Jacob Laux, age twenty-eight was born in Landau, Bavaria, Germany in 1825. He probably emigrated from the old country in the violence of late 1840’s Germany. When he enlisted in 1853 at thirty-three by a Maj. George Thomas at West Point, New York his English was broken. The list described his eyes as hazel, hair brown, skin sallow, and his height above average for the time. Jacob was assigned to the Second Dragoons in 1853 and rode with young officers like J.EB. Stuart, George Thomas and others. When he re-enlisted in 1858, he was sworn in by a Lieutenant John Gibbon, the writing a sharp, staccato style not artistic or romantic.


Jacob Laux was just one name in long lists of other men. They were faceless names of men who came from various towns from Maine to California. Many came from different countries including. Tipperary, Ireland, Bradford, England, and Putnam, and one of the federation provinces that made up Germany. Upon entering America and with no means, the emigrants saw the army was a viable alternative. These men were of value and the inscription of their names meant a recording for posterity. To reproduce similar quality today requires a skilled calligrapher.

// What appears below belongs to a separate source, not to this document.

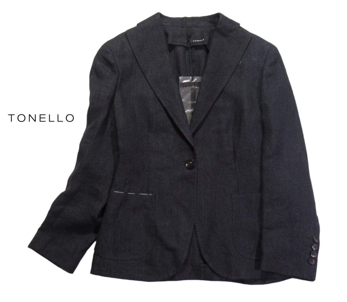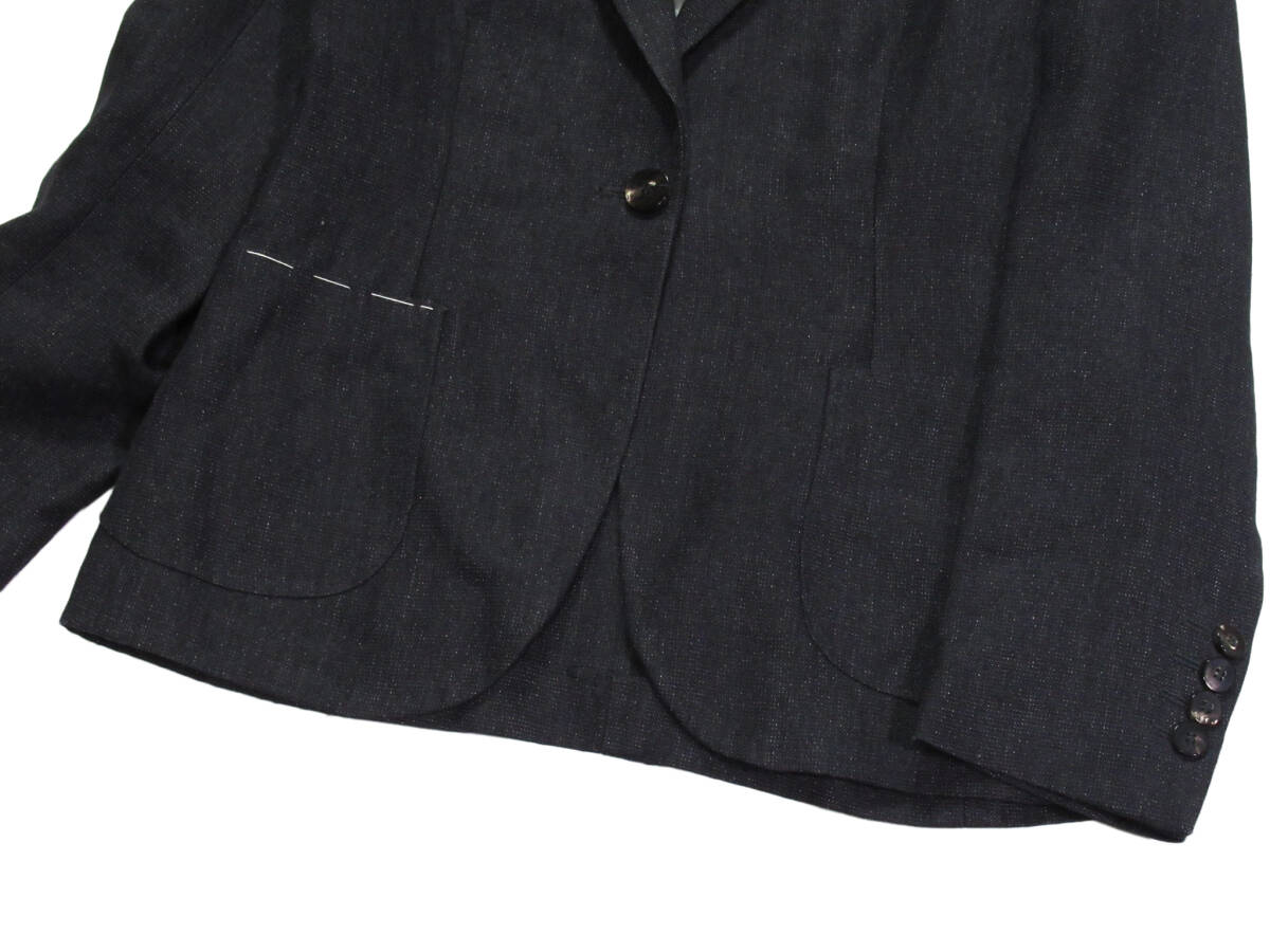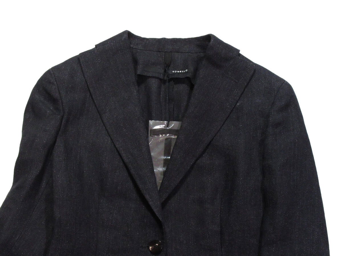 トネッロ ジャケット サイズ表記:40 お色:ブラック系 素材:麻70 ヘンプ30% 平置き実寸で 肩幅37 身幅42 着丈55 袖丈52㎝位です。 1つボタン、ノーベント。 *右ポケットの白い部分は仕付け糸です。 |

These men carried the flag over the parapets or ran from the field. They led men by example to defend an indefensible piece of ground and lost their lives in the effort.


Space to the right of their statistics provided for outcomes of what happened to the soldiers. Some had normal notes like discharged at expiration of service, discharged because of an acquired disability and unable to perform the needed duties. Other notes were more ominous. One soldier’s note was “dropped from the rolls.” The orderly was tired from recording a man absent from roll call. The soldier deserted, apprehended and disciplined, and then deserted again. One died of disease at the Brigade Hospital in Alexandria, VA. Another was discharged by special order of Maj. Gen Geo. B. McClellan (the orderly was possibly geeked to record this entry.) There was the record of the name of Michael Lenahan, the M full of swirls and curves, in A Company, Second Infantry, a thirty-year old from Roscommon, Ireland. Next to his statistics was “executed January,1862” with significant amounts of notation too illegible to read.



Unfortunately, there were the notes difficult to record. An all too brief stated coldly, “killed at Bull Run 7/21/61.” Nothing more. Was the soldier no longer of any more value than four words or was the orderly pained too much by this required entry especially if he knew the soldier, a comrade?


For all of the effort of the orderlies who recorded these soldiers, they left us able to glimpse at an inventory of lives who fought for reasons that we don't know, who survived to go on or died in the struggle. The proof was the recording of the letters in their name.


Note: Jacob Laux’s assignment in the Dragoons transitioned into a position in Griffin’s West Point Battery. He was discharged two weeks before Fredericksburg. There is no further information. He was a carpenter before two terms in the U.S. Army so maybe returned to the skill.


Sources:

Photo above Library of Congress.


U.S. National Archives, Writing Enlistments of Soldiers in Federal Regiments 1798-1914.